◆ Work instruction ◆
From the line with "Победители и призеры" down to the final line of the material, please transcribe everything exactly, but leave the pictures out.
----- Data shown -----
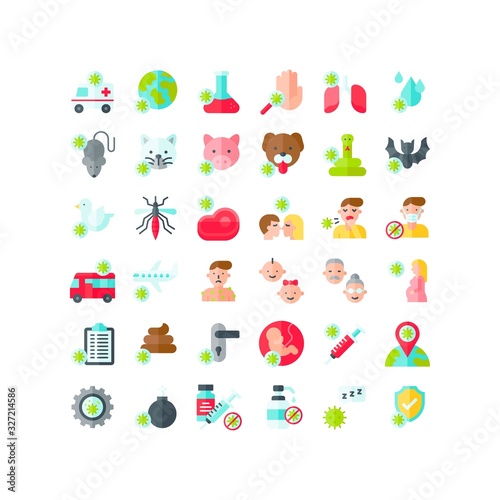 virus transmission or coronavirus related flask, meat, injection, hand wash, water drop, world globe, gear, ambulance, cat, dog, snake, pig, pregnant woman, and lungs vector in flat design,
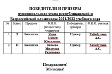Победители и призеры муниципального этапа олимпиады по биологии 08.12.2021
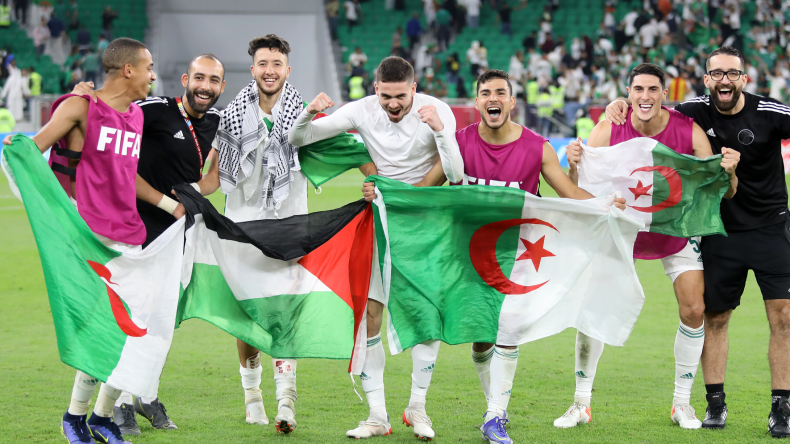 لاعبو المنتخب الجزائري يرفعون أعلام فلسطين بعد تأهلهم لنصف نهائي كأس العرب
-----
◆ Exercise response ◆
Победители и призеры муниципального этапа олимпиады по биологии 08.12.2021
 لاعبو المنتخب الجزائري يرفعون أعلام فلسطين بعد تأهلهم لنصف نهائي كأس العرب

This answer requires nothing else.